How Decimal put every lender on its no-code canvas with one integration instead of dozens
Decimal is a no-code automation platform for Web3: drag, drop, and let a workflow run on autopilot. To put lending markets on that canvas, it could have written an adapter per protocol per chain. Instead it integrated the 1delta API, putting 121 lenders and ~3,000 markets behind one node. Their report: an excellent developer experience, with hands-on support from the 1delta team.

At a glance
- Partner: Decimal, a no-code automation platform for Web3 ("drag, drop, and let it run on autopilot"), with 100+ integrations across Ethereum, Arbitrum, Polygon, Base and more.

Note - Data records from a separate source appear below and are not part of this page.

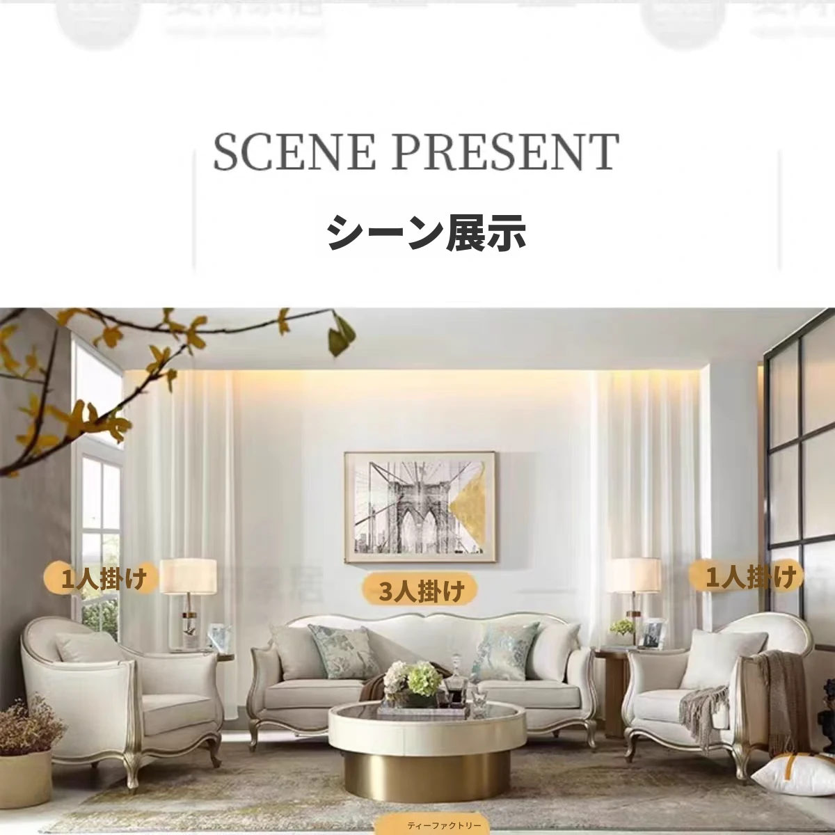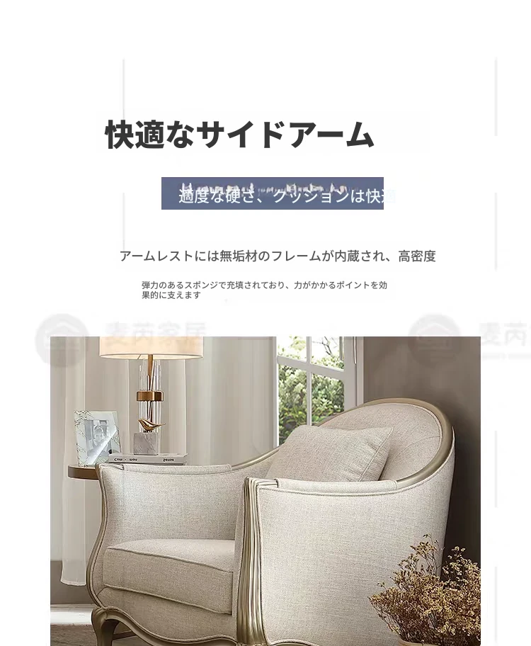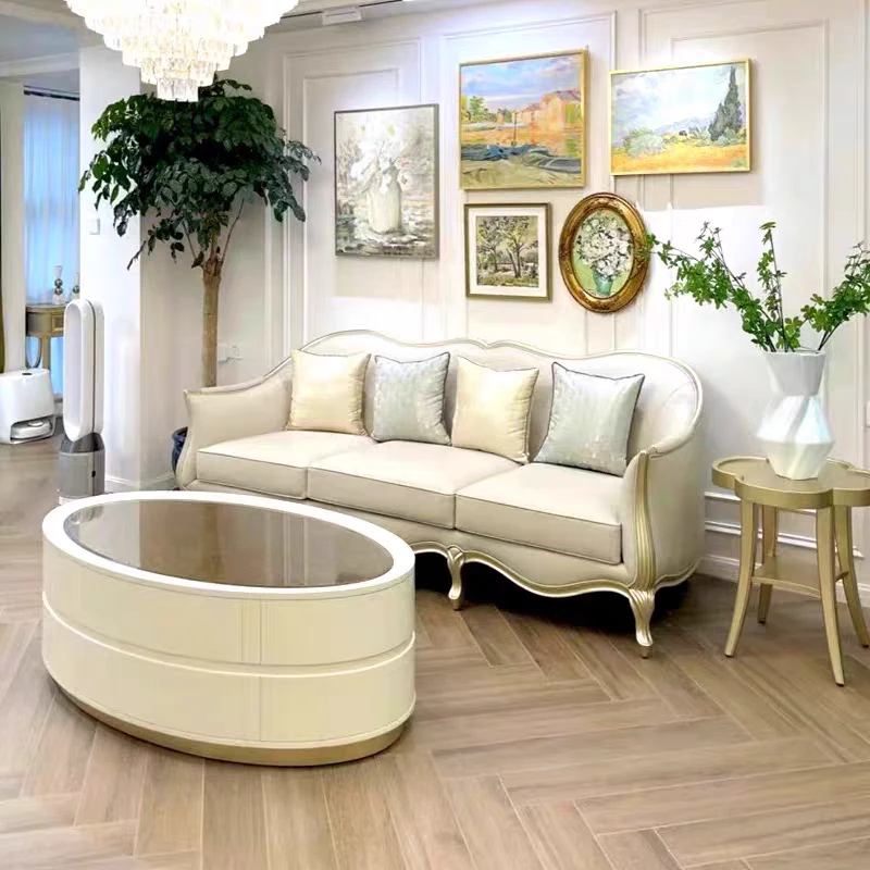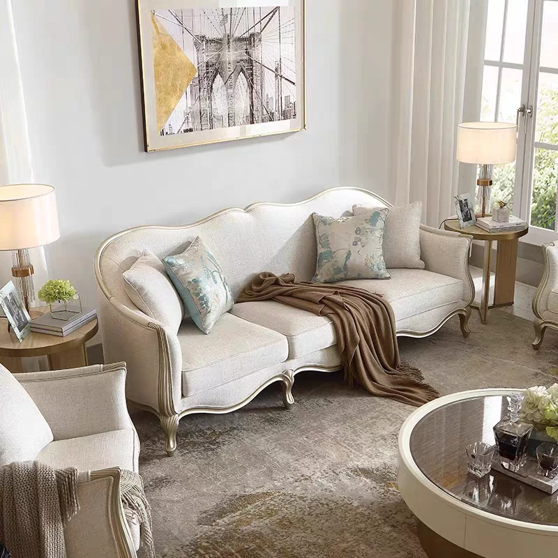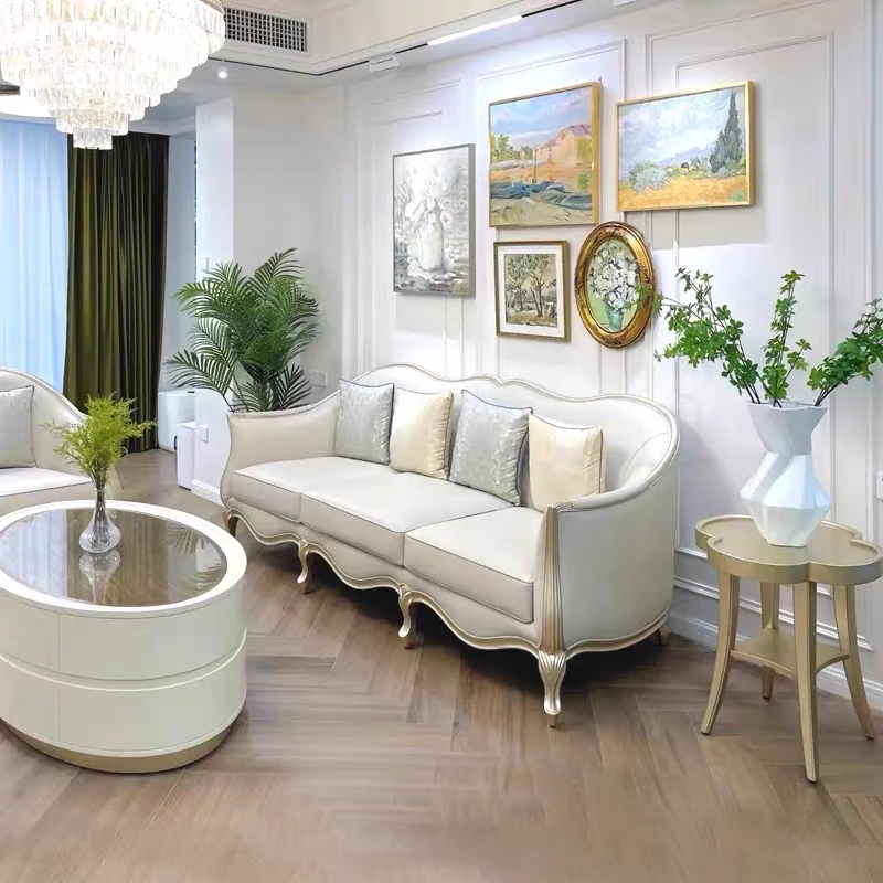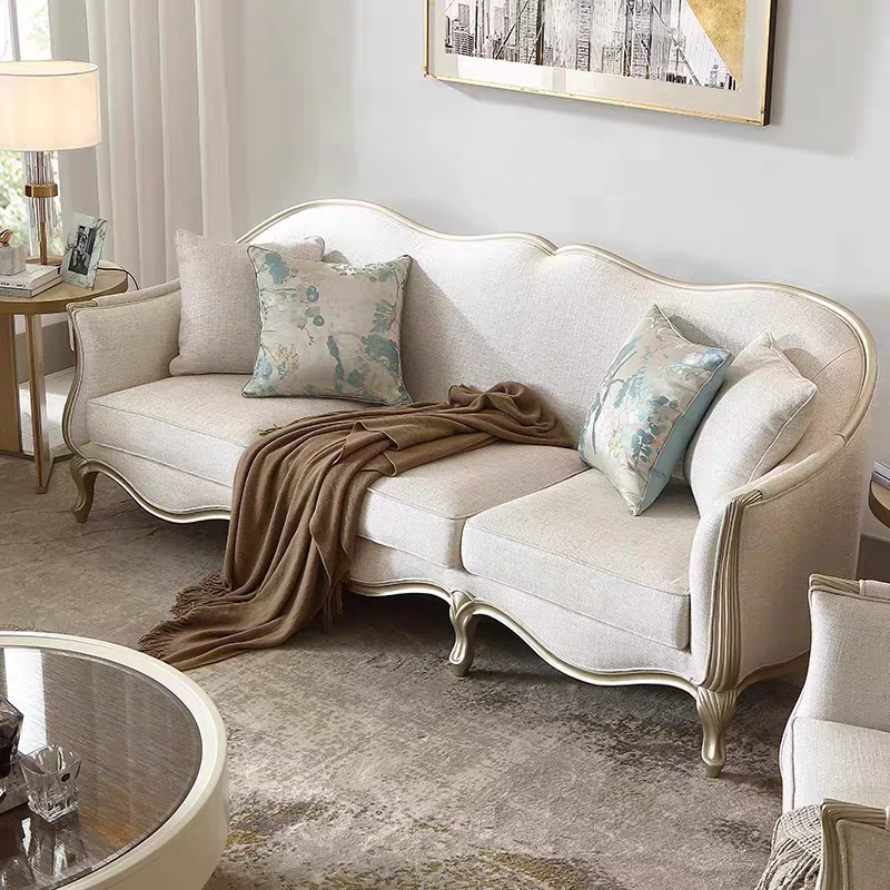 アメリカンスタイルのラグジュアリーな無垢材ソファセット|フレンチモダンなシンプルデザイン|小さなリビングにもぴったりな3人掛けヨーロピアンスタイル家具!上質な居心地を実現します。
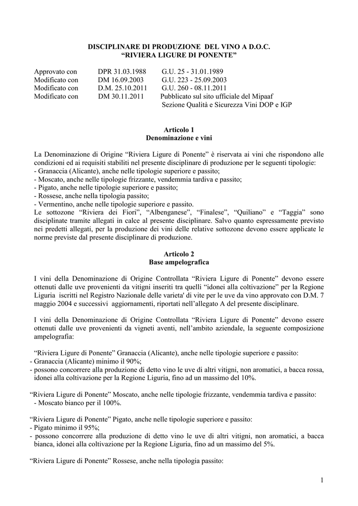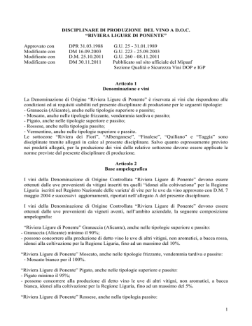 DISCIPLINARE DI PRODUZIONE DEL VINO A D.O.C. “RIVIERA LIGURE DI PONENTE” Approvato con Modificato con Modificato con Modificato con DPR 31.03.1988 DM 16.09.2003 D.M. 25.10.2011 DM 30.11.2011 G.U. 25 - 31.01.1989 G.U. 223 - 25.09.2003 G.U. 260 - 08.11.2011 Pubblicato sul sito ufficiale del Mipaaf Sezione Qualità e Sicurezza Vini DOP e IGP Articolo 1 Denominazione e vini La Denominazione di Origine “Riviera Ligure di Ponente” è riservata ai vini che rispondono alle condizioni ed ai requisiti stabiliti nel presente disciplinare di produzione per le seguenti tipologie: - Granaccia (Alicante), anche nelle tipologie superiore e passito; - Moscato, anche nelle tipologie frizzante, vendemmia tardiva e passito; - Pigato, anche nelle tipologie superiore e passito; - Rossese, anche nella tipologia passito; - Vermentino, anche nelle tipologie superiore e passito. Le sottozone “Riviera dei Fiori”, “Albenganese”, “Finalese”, “Quiliano” e “Taggia” sono disciplinate tramite allegati in calce al presente disciplinare. Salvo quanto espressamente previsto nei predetti allegati, per la produzione dei vini delle relative sottozone devono essere applicate le norme previste dal presente disciplinare di produzione. Articolo 2 Base ampelografica I vini della Denominazione di Origine Controllata “Riviera Ligure di Ponente” devono essere ottenuti dalle uve provenienti da vitigni inseriti tra quelli “idonei alla coltivazione” per la Regione Liguria iscritti nel Registro Nazionale delle varieta' di vite per le uve da vino approvato con D.M. 7 maggio 2004 e successivi aggiornamenti, riportati nell’allegato A del presente disciplinare. I vini della Denominazione di Origine Controllata “Riviera Ligure di Ponente” devono essere ottenuti dalle uve provenienti da vigneti aventi, nell’ambito aziendale, la seguente composizione ampelografia: “Riviera Ligure di Ponente” Granaccia (Alicante), anche nelle tipologie superiore e passito: - Granaccia (Alicante) minimo il 90%; - possono concorrere alla produzione di detto vino le uve di altri vitigni, non aromatici, a bacca rossa, idonei alla coltivazione per la Regione Liguria, fino ad un massimo del 10%. “Riviera Ligure di Ponente” Moscato, anche nelle tipologie frizzante, vendemmia tardiva e passito: - Moscato bianco per il 100%. “Riviera Ligure di Ponente” Pigato, anche nelle tipologie superiore e passito: - Pigato minimo il 95%; - possono concorrere alla produzione di detto vino le uve di altri vitigni, non aromatici, a bacca bianca, idonei alla coltivazione per la Regione Liguria, fino ad un massimo del 5%. “Riviera Ligure di Ponente” Rossese, anche nella tipologia passito: 1 - Rossese minimo il 90%; - possono concorrere alla produzione di detto vino le uve di altri vitigni, non aromatici, a bacca rossa, idonei alla coltivazione per la Regione Liguria, fino ad un massimo del 10%. “Riviera Ligure di Ponente” Vermentino, anche nelle tipologie superiore e passito: - Vermentino minimo il 95%; - possono concorrere alla produzione di detto vino le uve di altri vitigni, non aromatici, a bacca bianca, idonei alla coltivazione per la Regione Liguria, fino ad un massimo del 5%. Articolo 3 Zona di produzione delle uve La zona di produzione delle uve atte alla produzione dei vini a denominazione d'origine controllata “Riviera Ligure di Ponente” ricade nelle province di Imperia, Savona e Genova e comprende i terreni vocati alla qualità dei territori dei Comuni: Provincia di Imperia: l’intero territorio amministrativo e parte del territorio dei comuni di: Cosio d'Arroscia, Mendatica Pornassio e Triora (delimitato a nord dal crinale alpino}; Provincia di Savona: l’intero territorio amministrativo dei comuni di: Alassio, Albenga, Andora, Arnasco, Balestrino, Boissano, Borghetto S.S.,, Casanova Lerrone, Castelbianco, Ceriale, Cisano sul Neva., Erli, Garlenda, Laigueglia, Nasino, Onzo, Ortovero, Stellanello, Testico, Vendone, Villanova d’A. Zuccarello, Balestrino, Boissano, Borghetto S.S., Borgio Verezzi, Finale L, Giustenice, Loano, Magliolo, Noli, Orco Feglino, Pietra L, Rialto, Toirano, Tovo S.Giacomo, Vezzi Portio, Spotorno, Bergeggi, Savona, Quiliano, Vado Ligure, Albisola Marina, Albisola Superiore, Stella, Celle Ligure, Varazze e parte del territorio dei comuni di: Calice Ligure e Castelvecchio di Rocca Barbena (delimitato a nord dal crinale appenninico); Provincia di Genova: l’intero territorio amministrativo dei comuni di Arenzano e Cogoleto. La zona di produzione dei vini a denominazione d'origine controllata “Riviera Ligure di Ponente” nelle diverse tipologie aventi diritto alla sottodenominazione “Riviera dei Fiori” comprende l’intero territorio amministrativo della Provincia di Imperia e la parte del territorio dei comuni di Cosio d'Arroscia, Mendatica, Pornassio e Triora (delimitato a nord dal crinale alpino. La zona di produzione dei vini a denominazione d'origine controllata “Riviera Ligure di Ponente” nelle diverse tipologie aventi diritto alla sottodenominazione “Albenganese” comprende in Provincia di Savona: l’intero territorio amministrativo dei seguenti comuni: Alassio, Albenga, Andora, Arnasco, Casanova L., Castelbianco, Ceriale, Cisano s.N., Erli, Garlenda, Laigueglia, Nasino, Onzo, Ortovero, Stellanello, Testico, Vendone, Villanova d’A. e Zuccarello. e la parte del territorio del comune di Castelvecchio di Rocca Barbena (delimitato a nord dal crinale appenninico). La zona di produzione dei vini a denominazione d'origine controllata “Riviera Ligure di Ponente” nelle diverse tipologie aventi diritto alla sottodenominazione “Finalese” comprende in Provincia di Savona: l’intero territorio amministrativo dei seguenti comuni: Balestrino, Boissano, Borghetto S.S., Borgio Verezzi, Finale L., Giustenice, Loano, Magliolo, Noli, Orco Feglino., Pietra L., Rialto, Spotorno, Toirano, Tovo S.Giacomo, Vezzi Portio e la parte del territorio del comune di Calice Ligure (delimit
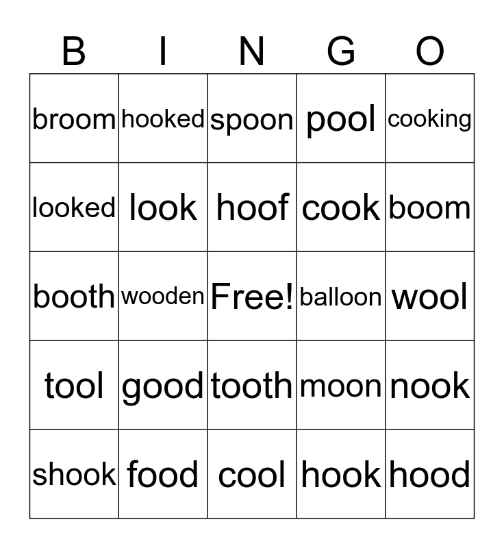 This bingo card has a free space and 29 words: shook, wood, wooden, stood, broom, spoon, look, good, balloon, food, wool, hood, cool, hook, boom, toot, tooth, tool, cooking, booth, moon, zoom, cook, looked, pool, hooked, nook, hoof and bloom.
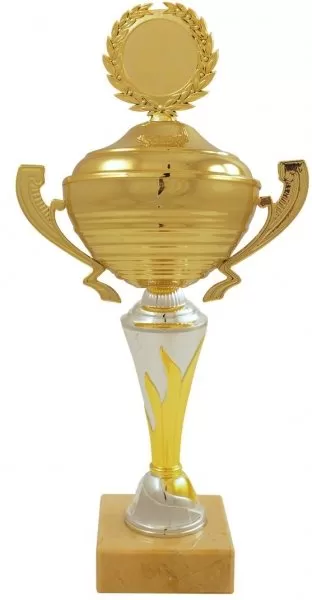 Športový pohár s možnosťou 5 cm emblému vo veku a štítkom na mramorovom podstavci.
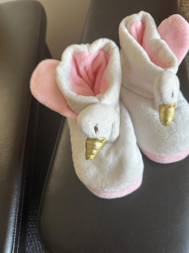 Nakışlı kuğu detaylı, peluş dokulu beyaz kız çocuk terlikleri, pastel tonlarda ve sokak stiline uygun sıcak tutar.
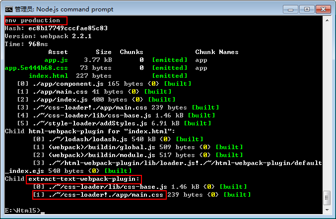 发现两个样式打包成了一个文件。只要内容发生了变化,样式的名称就会变化。更多配置可以移步https://www.npmjs.com/package/extract-text-webpack-plugin
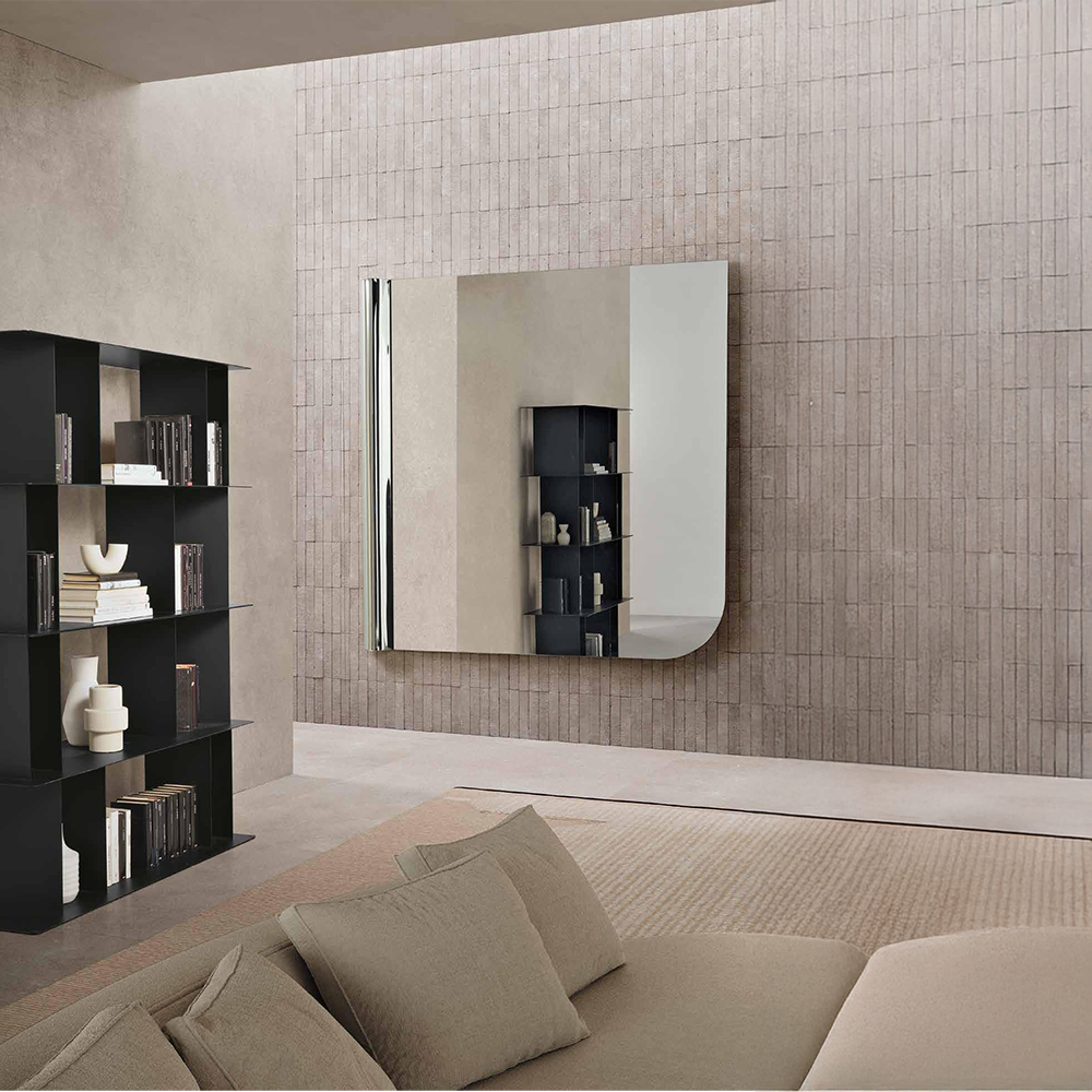 Lo specchio Otera รจ un modello quadrato in vetro fuso, caratterizzato da una decorazione ad onda che ne anima la superficie con un effetto morbido e dinamico.

- Challenge: put lending markets on a drag-and-drop canvas, without building and forever-maintaining a separate adapter for every protocol on every chain.
- Approach: integrate the 1delta API (one normalized REST surface over every major lending protocol) as a single workflow node, instead of hand-rolling per-protocol code.
- Result: cross-protocol lending shipped as one node that exposes every lending market 1delta aggregates across six chains (Ethereum, Base, Arbitrum, Optimism, Avalanche and Gnosis): 121 lenders fanning out to ~3,000 markets, loaded live from the pools API. Built by hand it would have meant 121 protocol adapters to reach the same coverage, each then maintained forever. Their report: an excellent developer experience, backed by hands-on collaboration from 1delta's team through testing, edge cases, and output-shape tweaks.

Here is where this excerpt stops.